Federal Standards for Existing Units

Title IV, "Acid Deposition Control,"of the CAAA90 required the EPA to establish NOx emissions standards for older generating units. These standards go into effect in two phases. The first phase began in 1996. The affected units consisted of units named in Table A of Title IV, "Affected Sources and Units," or their substitution units that have tangentially fired(3) or dry bottom wall-fired(4) boilers. The second phase will begin in 2000.

A utility can choose to comply with the EPA Title IV NOx standards in one of four ways:

  1. Meet the standard as specified for each boiler type.

  2. Average the emissions rates of two or more boilers that have the same owner or operator. (This allows utilities to "over-control" the emissions of those units that can be controlled more easily and less expensively than others.)

  3. A utility that cannot meet the standard emissions limit may apply for a less stringent alternative emissions limit if it uses the applicable emissions control technology. EPA's determination of an alternative limit will be based n evidence that control equipment was properly designed, installed, and operated during a demonstration period.

  4. A utility can apply for Phase I NOx extensions. Utilities with boilers affected in Phase I qualified for two types of extensions from the Phase I NOx requirements: (1) EPA granted NOx compliance extensions (extension period varies by unit) to utilities that could not install the necessary control technology in time to comply; and (2) EPA granted NOx extensions for 1996 compliance to utilities with units at which sulfur dioxide (SO2) flue gas desulfurization equipment was installed under SO2 Phase I extension plans. Twenty-seven units qualified for these extensions. Of the 27 units that received 1996 extensions, 25 had to comply starting in 1997, compliance activities for 1 had to begin in August 1997, and 1 had to comply at the beginning of 1998.(5) All of these units are now in compliance with the NOx standard.
First Phase Title IV NOx Emissions Reductions

There were 239 coal-fired units required to meet the provisions of the first phase of the CAAA90 Title IV emissions limitations for NOx. Phase I applied to units that were affected by the Phase I requirements for SO2 under Title IV and had tangentially fired or dry bottom wall-fired boilers. The EPA has estimated the cost of the Phase I NOx reduction program to the electric power industry would be $267 million per year.(6)

All 239 units required to meet the Phase I limits on NOx emissions in 1996C144 Table A units and 95 substitution unitsC underwent verification of emissions rates, and all of them met their reduction requirements. There were 115 dry bottom wall-fired boilers and 124 tangentially fired boilers affected in the first year of the program (Table 2).

For utility units required to meet the Phase I Title IV NOx emissions limitations, both emissions rates and total emissions in 1996 were below 1990 levels.
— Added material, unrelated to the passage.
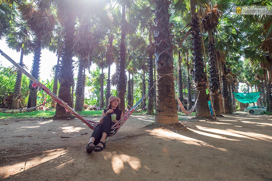มุมพักผ่อนในสวนตาล มีเปลผูกไว้ให้นอนพักผ่อนตามจุดต่างๆกันด้วย

Their 1996 emission rates were cut by 40 percent, from the 1990 average of 0.65 pounds of NOx per million Btu of heat input  to an average of 0.39 pounds of NOx per million Btu.(7) Compliance at the 239 units resulted in emissions levels approximately 314,000 tons (33 percent) below 1990 levels.(8)
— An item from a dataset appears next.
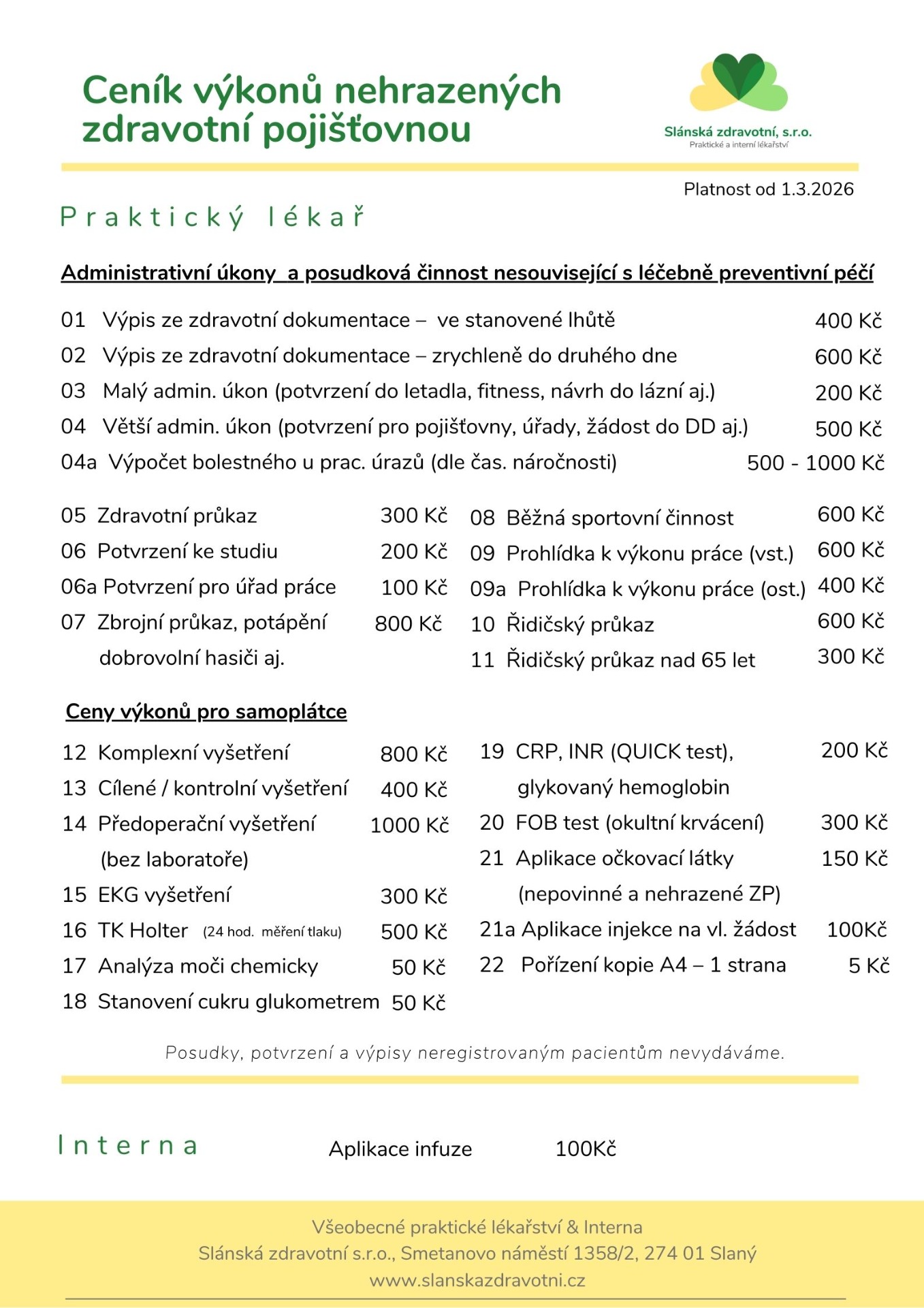 Slánská zdravotní s.r.o., IČ: 24315346, V sadech 1081/4a, Praha 6

Table 2.  Boilers Subject to Title IV Phase I NOx Reductions in 1996
Boiler Type Standard NOx Emissions Limit
(lbs/mm Btu)
Number of 1996 Table A Units Number of
Substitution Units
Tangentially Fired
0.45
82
42
Dry Bottom Wall-Fired
0.50
62
53

A 38-percent reduction of approximately 290,000 tons of NOx was achieved by the 144 Table A units affected in 1996. For the 95 substitution units, emissions were reduced by 51,000 tons or 17.5 percent. Many of the substitution units were already lower emitters of NOx than the Table A units; for example, some had already been meeting a New Source Performance Standard only moderately higher than the 1996 Phase I limits. In fact, in 1990, some of the substitution units were already below the applicable NOx emissions rates required by Title IV in 1996.(9)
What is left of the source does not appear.